**WORK TO COMPLETE**
Please output, exactly and without pictures, the lines from the opening of the listing below through the line containing "Siirt Barosu’nun yaptığı", both included.

**SOURCE DATA**
--- START ---

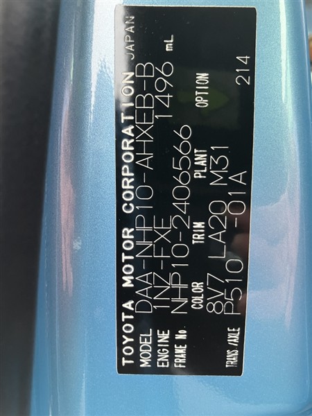 店舗管理ナンバー【364018883538】車台番号(下3桁)【566】
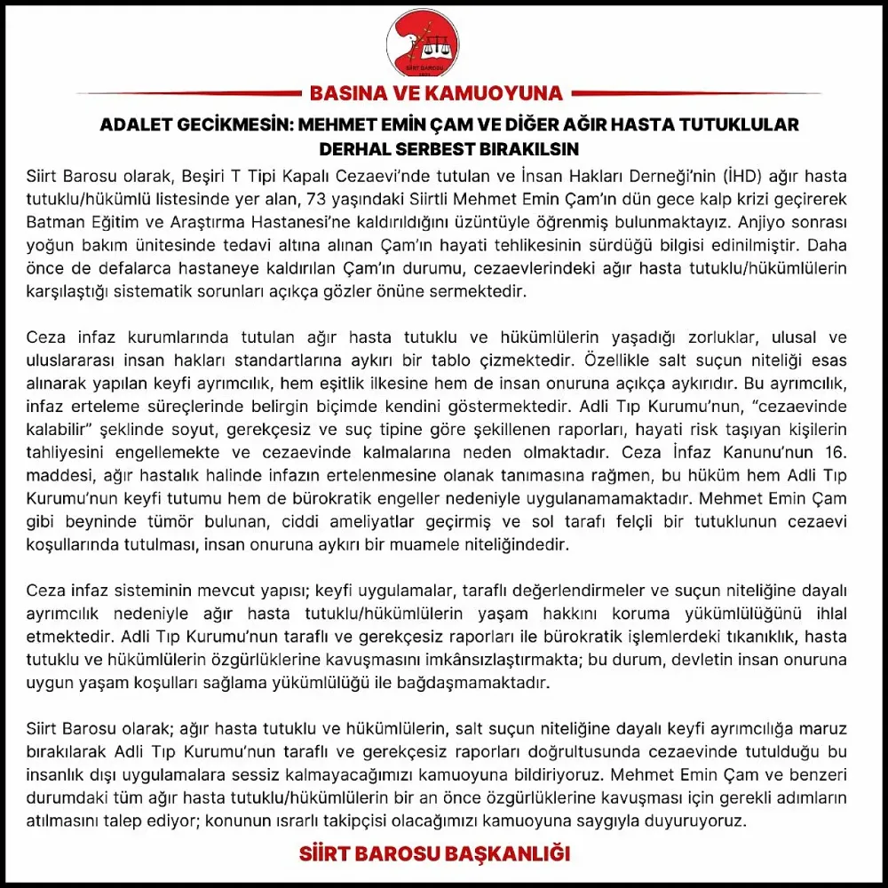 Siirt Barosu’nun yaptığı basın açıklamasında, İnsan Hakları Derneği’nin (İHD) ağır hasta tutuklu listesinde yer alan Mehmet Emin Çam’ın dün gece kalp krizi geçirdiği, Batman Eğitim ve Araştırma Hastanesi’nde anjiyo işlemi yapıldıktan sonra yoğun bakıma alındığı belirtildi. Açıklamada, Çam’ın sağlık durumunun ciddiyetini koruduğu ifade edildi.
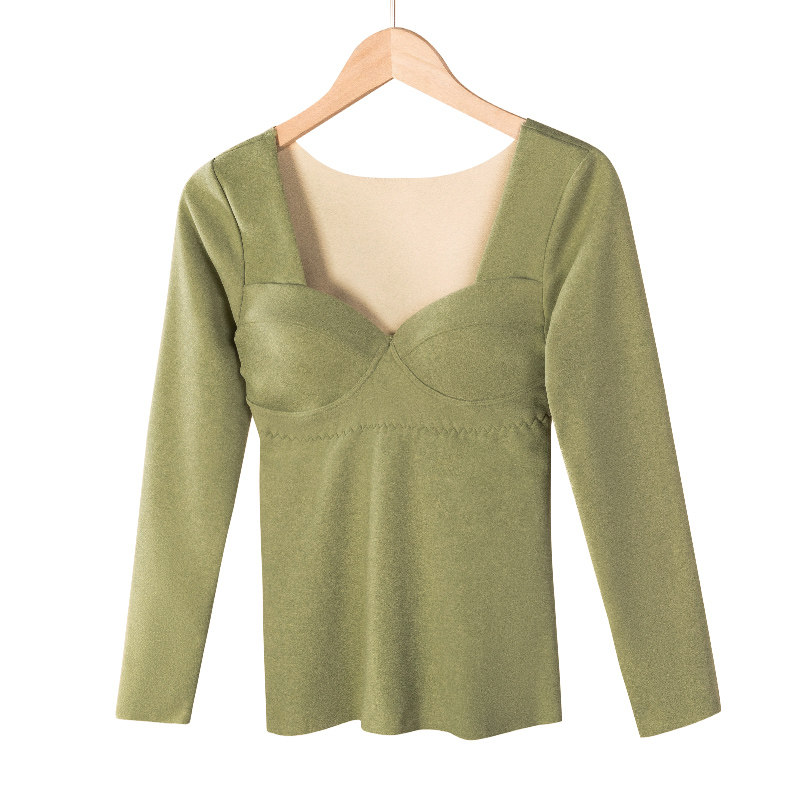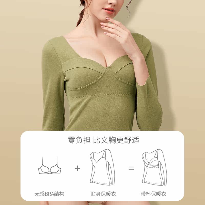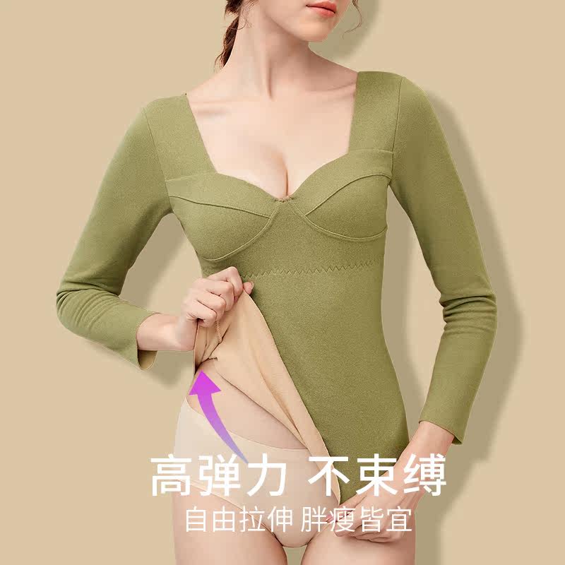 Heating clothes Women plus suede thickened Develled spontaneous thermal autumn clothes with chest cushion No-mark low-collar inner lap jacket winter
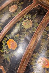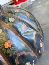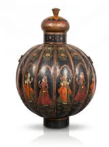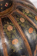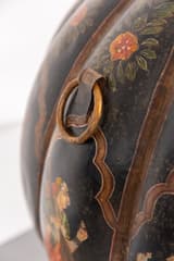 Large floor vase in painted metal with a separate lid. The globular body is divided into vertical panels, each decorated with a hand-painted scene of a courtly figure against a black ground. The panels are separated by raised ribs and framed with gilt borders. The neck and lid are decorated with complementary floral and geometric motifs.

--- END ---

**RESULT BELOW**
 店舗管理ナンバー【364018883538】車台番号(下3桁)【566】
 Siirt Barosu’nun yaptığı basın açıklamasında, İnsan Hakları Derneği’nin (İHD) ağır hasta tutuklu listesinde yer alan Mehmet Emin Çam’ın dün gece kalp krizi geçirdiği, Batman Eğitim ve Araştırma Hastanesi’nde anjiyo işlemi yapıldıktan sonra yoğun bakıma alındığı belirtildi. Açıklamada, Çam’ın sağlık durumunun ciddiyetini koruduğu ifade edildi.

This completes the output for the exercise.